▶ _The task_:
Beginning with the line where "- Prostor za" appears, restate each line word for word until the data ends. Pictures do not go in.
____________
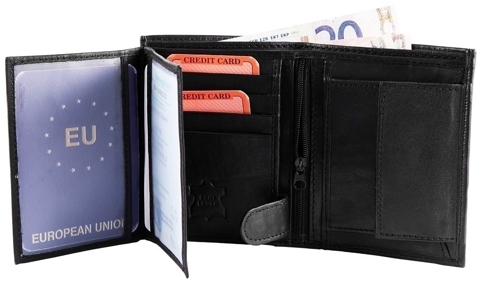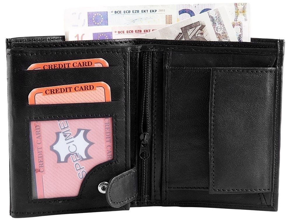 SteinMeister herenportemonnee van echt leer. De portemonnee is 10 cm breed en 12 cm hoog. De kleur is zwart. Hij heeft 2 biljetvakken, een klein kleingeldvak, 9 creditcardvakken, een transparant creditcardvak en 2 transparante ID-kaartvakken.
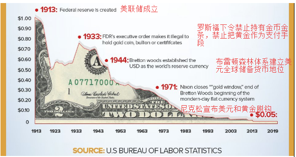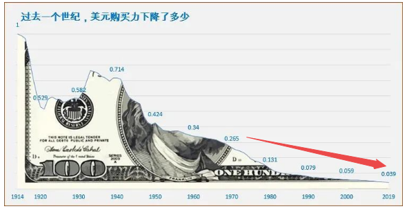 可以看出在1944年布雷顿森林体系以后,随着印钞不断增多,钞票的实际购买力是在加速下滑的。
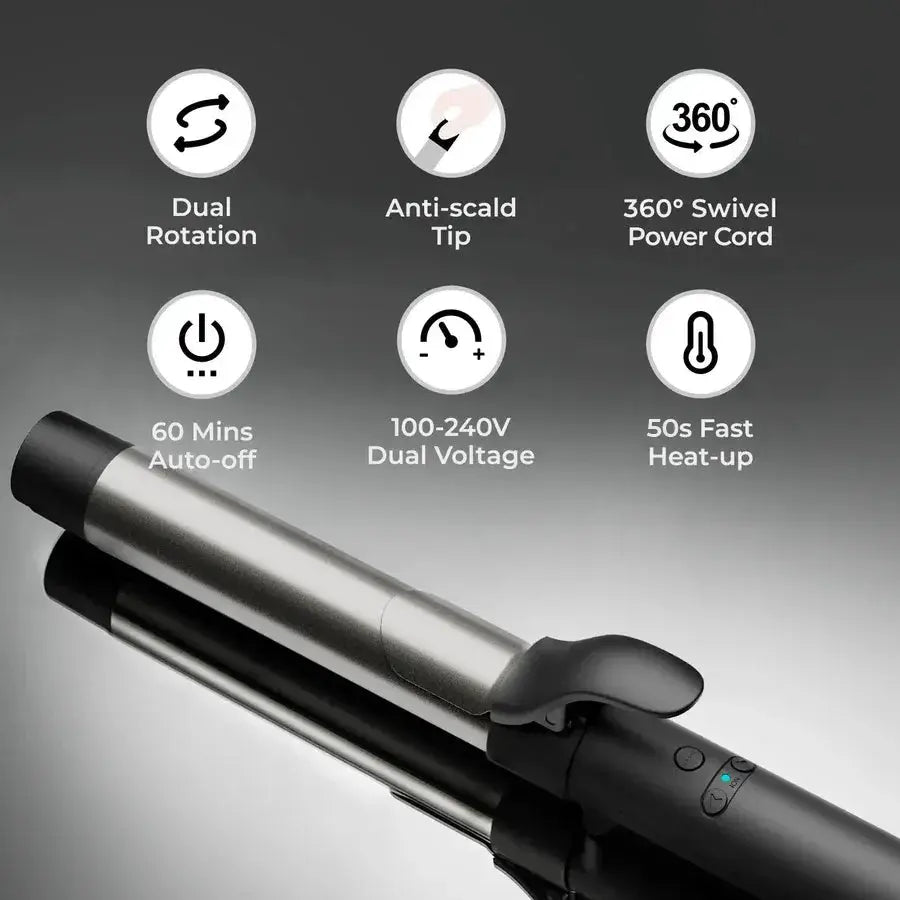 • Patented dual rotation technology creates bouncy curls in minutes
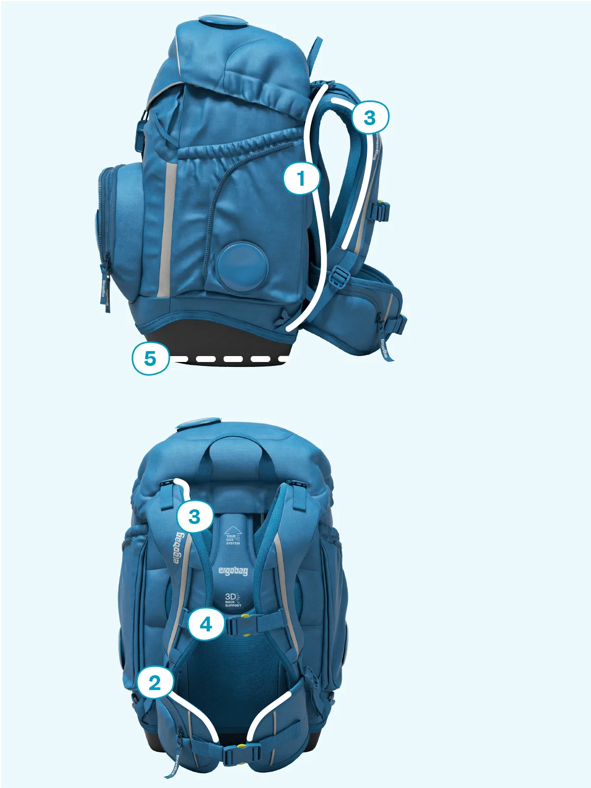 Disse 5 punkter sikrer, at skolerygsækken sidder korrekt.
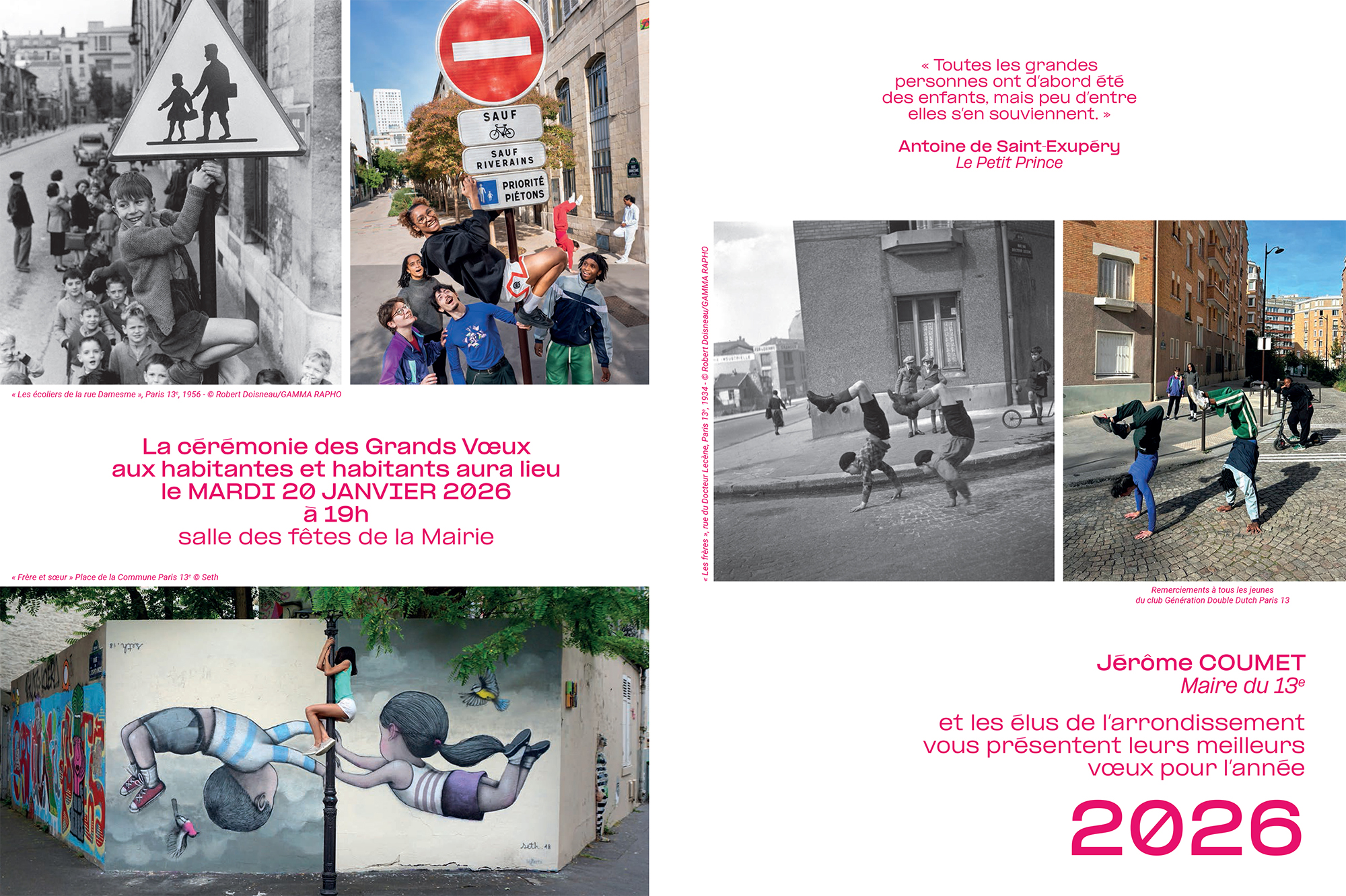 Jérôme Coumet, Maire du 13ᵉ, et les élus de l’arrondissement ont le plaisir de vous inviter à la cérémonie des Grands Vœux, qui se déroulera le mardi 20 janvier à 19h en salle des fêtes de la Mairie du 13ᵉ.
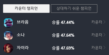 룰루의 카운터 챔피언으로는 브라움, 소나, 자이라가 통계에 잡혔는데요, 브라움의 경우에는 룰루의 공격을 대신 몸으로 받아내는데 브라움의 스킬때문에 데미지도 그렇게 많이 받지도 않으며 후반이 되면 될수록 물몸인 룰루와는 달리 서브탱커 역할을 독톡히 수행할 수 있기 때문에 후반에 차이가 나게 됩니다.
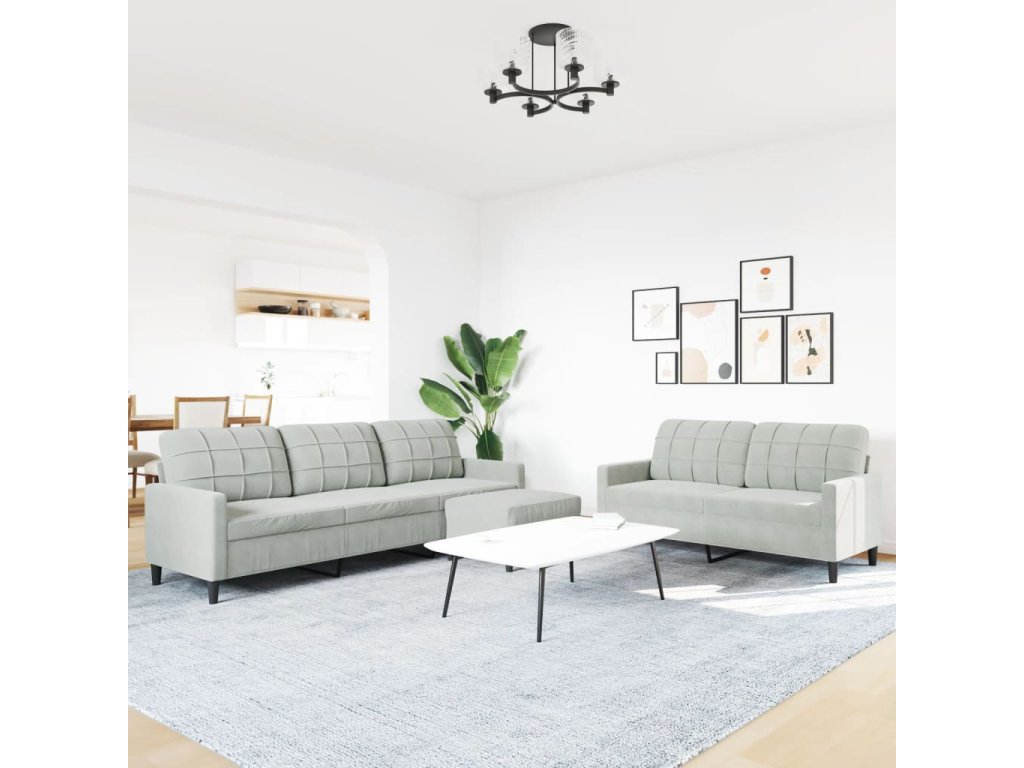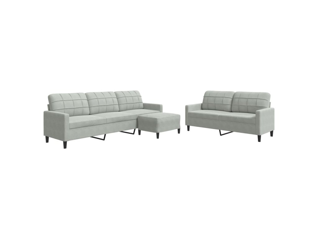 3dílná sedací souprava s poduškami světle šedá samet 3278481
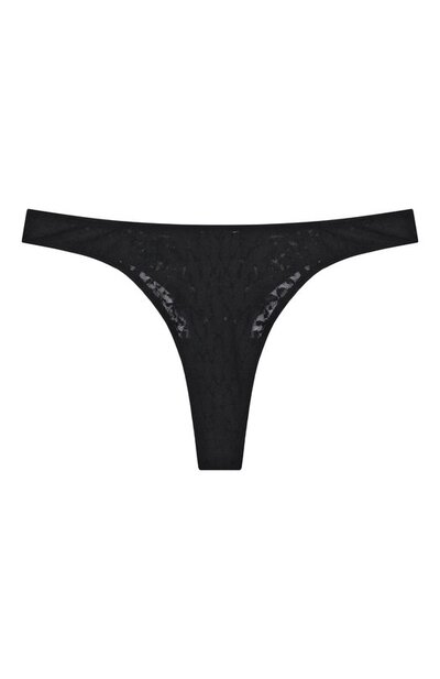 Трусы-стринги с анималистичным мотивом выполнили из нейлонового кружева с добавлением эластана. Края изделия укрепили узким кантом.
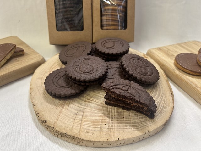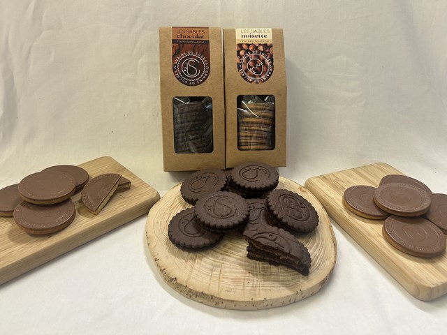 ほろほろサクサクしたショコラのサブレの間に自家製ジャンドゥジャと焙煎して挽いたカカオ豆を細かくすりつぶしたものを混ぜ合わせたクリームを挟んだお菓子です。
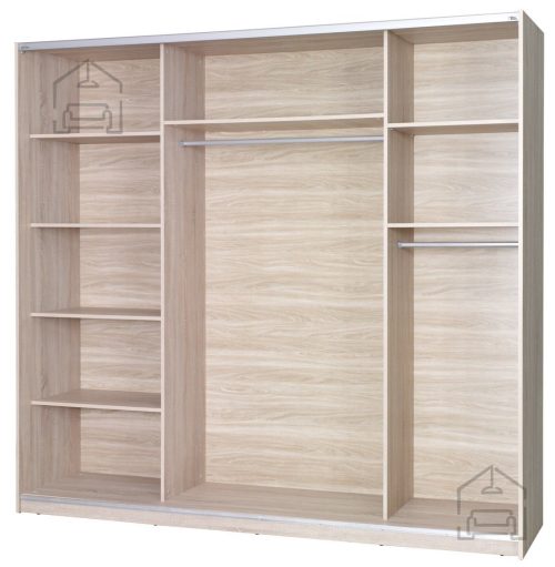 - Prostor za shranjevanje: dimenzije 225x63x211 cm ponujajo obilo prostora za shranjevanje različnih vrst oblačil, obutve in dodatkov. Organizacija notranjosti omare omogoča prilagoditev po vaših potrebah.
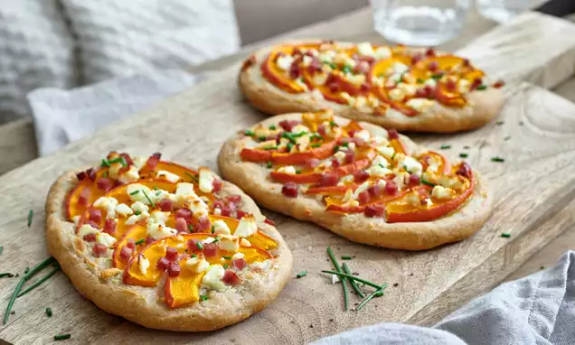Übrige Crème fraîche mit übrigen Röstzwiebeln und Schinken-Nuggets verrühren und zu den lauwarmen Laugenzwirbeln servieren.
____________
▶ _Solution for this task_:
 - Prostor za shranjevanje: dimenzije 225x63x211 cm ponujajo obilo prostora za shranjevanje različnih vrst oblačil, obutve in dodatkov. Organizacija notranjosti omare omogoča prilagoditev po vaših potrebah.
Übrige Crème fraîche mit übrigen Röstzwiebeln und Schinken-Nuggets verrühren und zu den lauwarmen Laugenzwirbeln servieren.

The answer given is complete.